Thanks for the info. Our floor is concrete, so there's no worry about where the legs land on the floor. It is a good thing to consider, though, if we ever move...so maybe I will take that precation anyway.

I didn't know about plexiglass tanks needing support all across the bottom. Thank you for pointing that out. We will see what we can to to fix that.


----------



## Gump (Aug 2, 2006)

Here is how i built the stand for my 75 and its way over kill. You really don't need 4x4s but it its only a few extra dollars just make sure you cut them clean as a circular saw wont make it in one pass.


----------



## emc7 (Jul 23, 2005)

Gump, thats awesome, solid and square. How did you hold the cross pieces (top and bottom middle) in? I don't see any fasteners. 

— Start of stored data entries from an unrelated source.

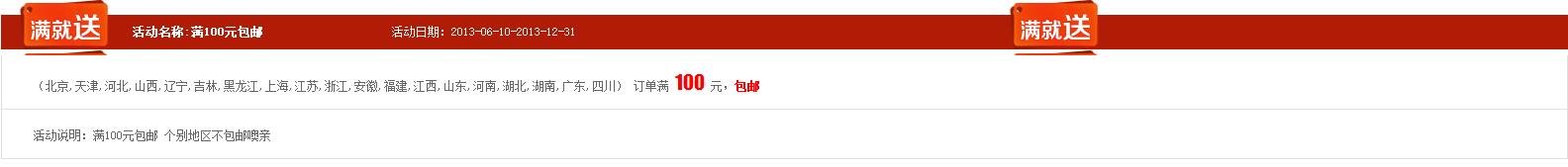 <table background="http://img02.taobaocdn.com/imgextra/i2/1640026267/T2fs6FXXdbXXXXXXXX-1640026267.jpg" class="" height="28" width="100%"> <tbody> <tr> <td> <div style="height:28px;padding:23px 0 0 130px;"> <span style="line-height:14px;color:#FFFFFF;font-size:12px;font-weight:bold;">活動名稱:滿100元包郵</span><span style="line-height:14px;color:#FFFFFF;font-size:12px;padding-left:130px;">活動日期:2013-06-10-2013-12-31</span></div> </td> </tr> </tbody> </table> <div style="width:92.8%;border:1px solid #E0E0E0;border-top:0;float:left;padding:14px 5% 10px 2%;"> <span style="font-size:12px;color:#666666;line-height:25px;">(北京,天津,河北,山西,遼寧,吉林,黑龍江,上海,江蘇,浙江,安徽,福建,江西,山東,河南,湖北,湖南,廣東,四川) 訂單滿 <font style="font-size:20px;font-family:impact;color:red;">100</font> 元,<font style="color:red;font-weight:bold;">包郵</font></span></div> <div style="width:92.8%;border:1px solid #E0E0E0;border-top:0;float:left;padding:14px 5% 10.0px 2%;"> <span style="font-size:12px;color:#666666;line-height:25px;">活動說明:滿100元包郵 個別地區不包郵噢親</span></div>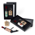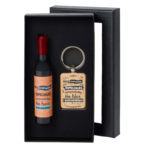 - Un pack completo listo para regalar a tus invitados, con una combinación original de 2 detalles muy prácticos, compuesto por un abridor en forma de botella con sacacorchos y abrebotellas con imán trasero, junto con un llavero en madera a juego con el mismo diseño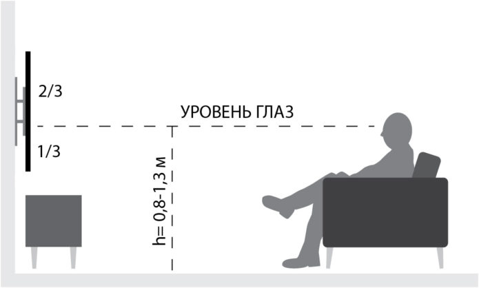 На якій висоті вішати телевізор на стіну в залежності від приміщення

I made a headboard out of 2 x 4s and wanted to put screws through the 4" side, but couldn't find any 6" screws.


----------



## Gump (Aug 2, 2006)

That was weird, it was showing two of the same pic so I uploaded the three again. To hold the center pieces in i put screws in at an angle (can't remember the term) from the center to the main frame. You can see the black dot(screw head) on the right side of center piece in the 2nd pic. I also put a piece of plywood on the bottom to make a flat bottom for the filter to sit on.


----------



## Danh (Feb 19, 2007)

Toe nail/screw is the term for angling them. Nice stand gump. I also like your 450 stand.. Although I feel that my cinder blocks do the trick just as well, without so much work. I draped a piece of black fabrick over mine to make it look better.. although with your 450 you have much more space underneith. I agree your 75 is overkill... A glass tank definitely doesn't need to be supported with ply.. nor does it need 4x4.. but it will DEFINITELY do. Doesn't appear to be too expensive... and rather than panneling it, apply the black fabric drap to help with save $$$


----------